The record discloses that when the land in question was purchased the deed was, by mistake, so drawn as to convey it to the husband instead of the wife; that the deed was delivered to the husband and he took it home and placed it among his valuable papers, and that a week or more thereafter Mrs. Chaney discovered the mistake and directed his attention to it, which was the first knowledge he had that a mistake had been made. Upon this point Mr. Chaney testified:

“Q. You reported to your wife that the Bans deed had been made out to you instead of her, did you not?
“A. She called my attention to it.
“Q. She discovered the mistake, then, before you discovered it ?
“A.. Yes.
‘ ‘ Q. How long was it after the deed had been executed, if you remember — I or 5 months?
“A. No, sir; it wasn’t more than ten days or such a matter, I don’t know just exactly the-time; I didn’t keep track of it; it was just shortly afterward. ’ ’

This testimony was fully corroborated by that of Mrs. Chaney, and it is uncontradicted.

The documentary eyidence introduced shows that the deed was made, executed and delivered on April 27, 1911, and that the representations made by Chaney to the agent of Dun & Co., whatever they may have been, were made May 1, 1911, *89three days after the delivery of the deed, at which time, as clearly appears from the record as above stated, neither Chaney nor his wife had knowledge that the deed contained his name instead of hers as grantee. Clearly Mrs. Chaney cannot be held to be estopped by the mistake of the grantor in the deed, of which mistake she had no knowledge, and it is not contended she knew her husband represented the property to be his own, and he denies that he did so.
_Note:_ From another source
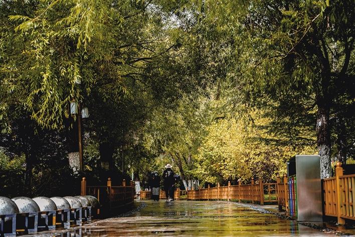 山明水凈夜來霜,數(shù)樹深紅出淺黃。進入10月,拉薩已褪去夏日的灼熱,秋風吹動著泛黃的樹葉,絲絲涼意不經(jīng)意間沁入心扉。而此時的人們,也更加樂于走出家門,用心去看看這座披上了“秋裝”的可愛城市。近日,記者來到城關(guān)區(qū)二環(huán)路濟公橋、自治區(qū)黨校、拉魯濕地一帶,看到很多人正在快樂游玩,他們或與友人并肩散步聊著家常,或掏出手機記錄著眼前的美麗秋景,或坐在長椅上,沉醉于一本有趣的書,個個無比愜意地享受著當下靜謐安逸的秋日時光……

Since it is not contended, and cannot be successfully maintained, that any act or omission upon. Mrs. Chaney’s part misled appellant into extending credit to her husband or into doing anything else to its injury, I have reached the conclusion that the doctrine of estoppel has no application to this case, and that the only reason for reversing the judgment of the trial court is that the evidence fails to show the land in question to be the separate property of the respondent, Edna A. Chaney.